— За что? За сведения для газеты?
— Хотел со мной переспать.
— А что ты ему сказала?
— Сказала, что мне больше не нужны его деньги, и тогда он разозлился. Он поверил, что, когда я была у сеньоры Санчес, он и в самом деле мне нравился. Считает, что он потрясающий любовник.
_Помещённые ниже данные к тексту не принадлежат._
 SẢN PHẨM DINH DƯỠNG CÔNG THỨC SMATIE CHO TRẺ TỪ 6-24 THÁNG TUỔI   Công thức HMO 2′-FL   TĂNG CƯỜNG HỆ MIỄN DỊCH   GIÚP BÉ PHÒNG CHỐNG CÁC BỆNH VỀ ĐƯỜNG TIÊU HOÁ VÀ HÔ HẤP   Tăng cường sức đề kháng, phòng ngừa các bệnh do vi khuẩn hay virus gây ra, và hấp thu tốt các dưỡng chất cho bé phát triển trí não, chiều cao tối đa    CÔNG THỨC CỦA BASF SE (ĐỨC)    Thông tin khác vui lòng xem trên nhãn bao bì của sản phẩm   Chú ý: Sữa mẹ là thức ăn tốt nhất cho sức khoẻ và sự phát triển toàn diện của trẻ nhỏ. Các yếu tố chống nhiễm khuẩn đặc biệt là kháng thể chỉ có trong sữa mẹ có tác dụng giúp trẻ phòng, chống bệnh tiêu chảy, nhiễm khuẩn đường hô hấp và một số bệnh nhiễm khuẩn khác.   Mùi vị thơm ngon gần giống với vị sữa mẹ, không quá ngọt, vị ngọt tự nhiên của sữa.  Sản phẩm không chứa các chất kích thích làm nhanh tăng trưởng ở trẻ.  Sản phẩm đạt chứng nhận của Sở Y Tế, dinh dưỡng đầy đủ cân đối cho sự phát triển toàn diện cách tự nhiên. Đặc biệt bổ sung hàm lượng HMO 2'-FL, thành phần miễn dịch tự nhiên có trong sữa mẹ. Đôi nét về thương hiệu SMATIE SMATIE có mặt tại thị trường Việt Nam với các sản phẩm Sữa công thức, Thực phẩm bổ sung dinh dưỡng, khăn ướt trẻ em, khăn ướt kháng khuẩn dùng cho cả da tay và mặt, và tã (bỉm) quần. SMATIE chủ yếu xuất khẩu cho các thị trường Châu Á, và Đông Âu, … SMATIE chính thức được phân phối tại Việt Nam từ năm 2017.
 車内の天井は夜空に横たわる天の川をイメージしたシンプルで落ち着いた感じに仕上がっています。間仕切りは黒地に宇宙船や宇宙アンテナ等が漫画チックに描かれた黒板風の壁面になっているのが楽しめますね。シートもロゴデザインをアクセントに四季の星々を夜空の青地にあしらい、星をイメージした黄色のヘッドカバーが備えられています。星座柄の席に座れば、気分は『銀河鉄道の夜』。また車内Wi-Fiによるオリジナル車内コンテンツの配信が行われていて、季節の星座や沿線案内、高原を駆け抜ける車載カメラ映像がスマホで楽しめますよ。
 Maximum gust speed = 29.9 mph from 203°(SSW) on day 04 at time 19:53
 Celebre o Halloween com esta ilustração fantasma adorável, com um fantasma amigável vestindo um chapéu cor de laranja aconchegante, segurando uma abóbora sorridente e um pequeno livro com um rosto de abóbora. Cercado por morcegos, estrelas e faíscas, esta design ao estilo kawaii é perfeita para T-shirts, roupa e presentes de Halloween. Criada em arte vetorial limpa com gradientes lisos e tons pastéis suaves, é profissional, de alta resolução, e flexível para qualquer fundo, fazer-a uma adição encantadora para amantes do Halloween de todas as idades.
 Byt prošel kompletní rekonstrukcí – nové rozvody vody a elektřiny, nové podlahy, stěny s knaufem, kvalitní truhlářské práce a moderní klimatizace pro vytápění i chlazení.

Ну и сбила же я с него спесь, — добавила она с явным удовольствием, — сказала, что как мужчина Чарли в тысячу раз лучше, чем он.
— Как ты от него избавилась?
— Позвала полицейского, — они оставили одного в усадьбе, сказали, что он будет меня охранять, но он все время за мной следит, — и, пока они спорили, села в машину и уехала.
— Но ты же не умеешь водить машину.
— Я часто смотрела, как это делает Чарли. Это нетрудно. Знаю, какие штучки надо толкать, а какие тянуть. Вначале я их перепутала, но потом все наладилось. До самой дороги машина шла рывками, но там я освоилась и поехала даже быстрей, чем Чарли.
— Бедная «Гордость Фортнума», — сказал Пларр.
— По-моему, я ехала чуть-чуть слишком быстро, раз не заметила грузовика.
— Что случилось?
— Авария.
— Тебя ранило?
— Меня — нет, а вот машина пострадала.
Глаза ее блестели, она была возбуждена непривычными событиями. Он еще никогда не слышал, чтобы она так много разговаривала. Клара все еще обладала для него привлекательностью незнакомки — словно девушка, которую он случайно встретил на вечеринке.
— Ты мне нравишься, — сказал он беспечно, не задумываясь, как сказал бы за коктейлем, причем оба понимали, что слова эти значат не больше, чем «давай пойдем со мной».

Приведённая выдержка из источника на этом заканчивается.